29 JANUARI 1991. - Koninklijk besluit houdende uitvoering van artikel 32 van de wet van 9 juli 1975 betreffende de controle op de verzekeringsondernemingen. (NOTA : Raadpleging van vroegere versies vanaf 07-06-1991 en tekstbijwerking tot 13-10-2000)
Art. 1-3
Artikel 1. De leden van de Raad, met uitsluiting van de Voorzitter, hebben recht op een presentiegeld waarvan het bedrag is vastgesteld op F (6 150, tegen het spilindexcijfer 138,01) per zitting. <KB 2000-09-03/56, art. 1, 002; Inwerkingtreding : 01-01-2000>
Het bij dit besluit vastgestelde presentiegeld is onderworpen aan het indexeringsstelsel dat van toepassing is op de wedde van de rijksambtenaren.
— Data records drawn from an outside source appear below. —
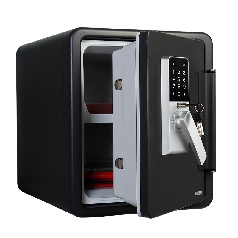 The 4091RE1T-BD encompasses modern design and unique insulation technology to provide fire and water protection for important documents and valuable belongings. A sleek touchscreen digital lock controls access and door is secured with heavy duty hinges and solid bolts. The safe comes with a UL certification for fire protection and a seal provides protection for its contents against water damage. Fit your belongings and documents inside the 0.91 cubic feet / 25 liters of interior space. Other lock types and size options are available.
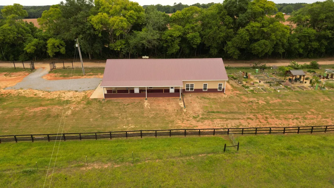 This high-fenced property offers the opportunity for full-time living, weekend enjoyment or a working farm with hunting and recreational features. The majority of the property is high-fenced for whitetail deer and has assets that currently produce income from hunting, haying, pine timber harvest and horse boarding. The property has a newly constructed three-bedroom, three-bathroom barndominium style home that would work well for full-time living, hunting and recreational enjoyment or lodge-style amenities. A large open-air horse and equipment barn is on the property with five horse stalls, a tack area, a wash bay area and a round pen under the barn. The extra living quarters on the property consist of a 2001 five-bedroom, three-bathroom used mobile home down the hill from the main home and a nice enclosed pole barn-style shop with two large roll-up doors, perfect for maintaining or storing your farm equipment. The land is made up of mature pine plantations, along with a nice mixture of mature pine and hardwood areas and plenty of good bedding areas. Food plots are established and the high-line power easement provides an open range area for haying and game plot space. The owners farm the property with planted perennial peanut hay on the powerline area and the food plot areas. You’ll want to check out the garden area with raised beds, chicken coop and goat barn for other on-site sustainable farm assets. This property is gated and will be shown by appointment only. Call today to learn more or to schedule a tour.
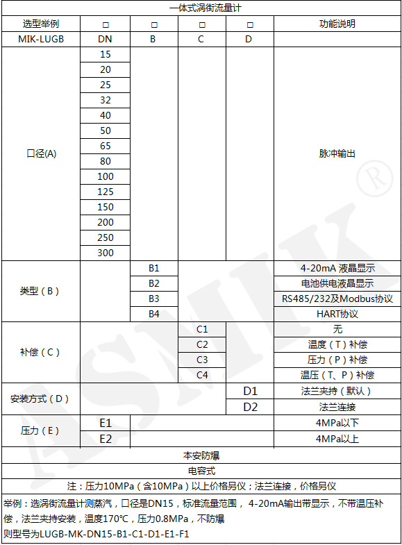 LUGB-MK-DN15-B1-C1-D1-E1-F1,MIK-LUGB渦街流量計(jì)MIK-LUGB-DN25,MIK-LUGB-DN40,MIK-LUGB-DN50,MIK-LUGB-DN265,MIK-LUGB-DN80,MIK-LUGB-DN100,MIK-LUGB-DN125,MIK-LUGB-DN150,MIK-LUGB-DN200,MIK-LUGB-DN250,MIK-LUGB-DN300,
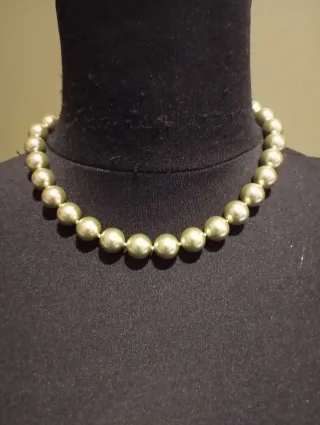 Elegante collar de perlas de Mallorca con un bonito tono verde oliva. - Perlas de alta calidad. - Diseño clásico y atemporal. -Cierre regulable.
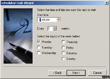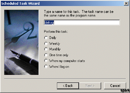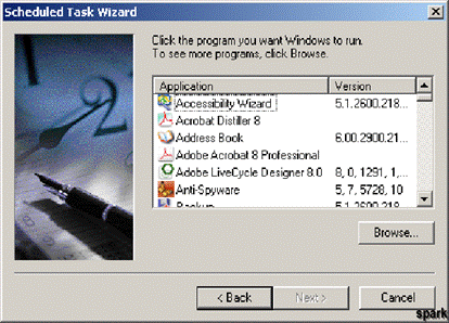 Go to Start > Settings > Control Panel > Scheduled Tasks > Add Scheduled Task > the Scheduled Task Wizard will appear, click Next.
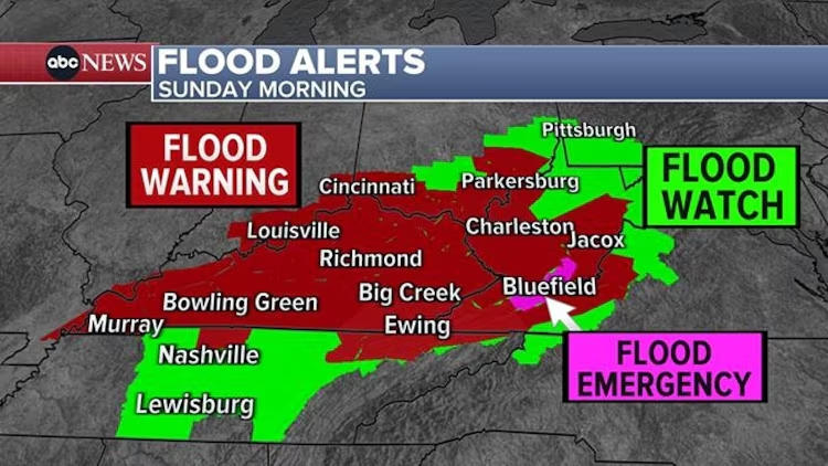 Đồ họa của ABC News này cho thấy cảnh báo lũ lụt ở Kentucky và Tennessee vào Chủ Nhật.
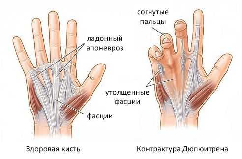 В конце концов, в более поздних стадиях заболевания, образуются плотные тяжи измененного ладонного апоневроза, что приводит к нарушению функции кисти.
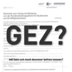 No ville positive Réckmeldungen dass d’Befreiung vun der GEZ geklappt huet, wëlle mer hei nach eemol genau drop agoe wei eng Schrëtt ze ënnerhuele si fir befreit ze ginn. Et bleift am Moment dobäi dass eng Befreiung just fir déi Studente méiglech ass déi eng Bourse Sociale kréien.
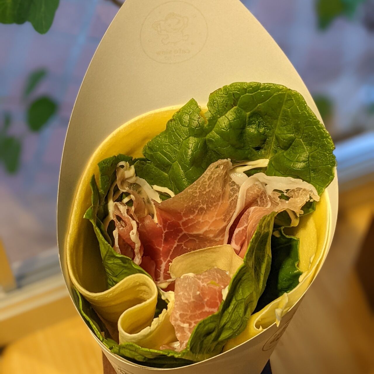 塩気のある生ハムとシャキシャキ野菜を包んだ、さっぱりおかずクレープ。

Bovendien zullen de reiskosten van de woonplaats naar de plaats van de vergadering en terug worden terugbetaald volgens het officieel tarief 1e klasse van de N.M.B.S.
Art.2. Het koninklijk besluit van 9 april 1976 tot vaststelling van het presentiegeld toegekend aan de leden van de Raad van de Controledienst voor de Verzekeringen en het koninklijk besluit van 10 augustus 1978 houdende uitvoering van artikel 32 van de wet van 9 juli 1975 betreffende de controle op de verzekeringsondernemingen, worden opgeheven.
Art. 3. Onze Minister van Economische Zaken is belast met de uitvoering van dit besluit.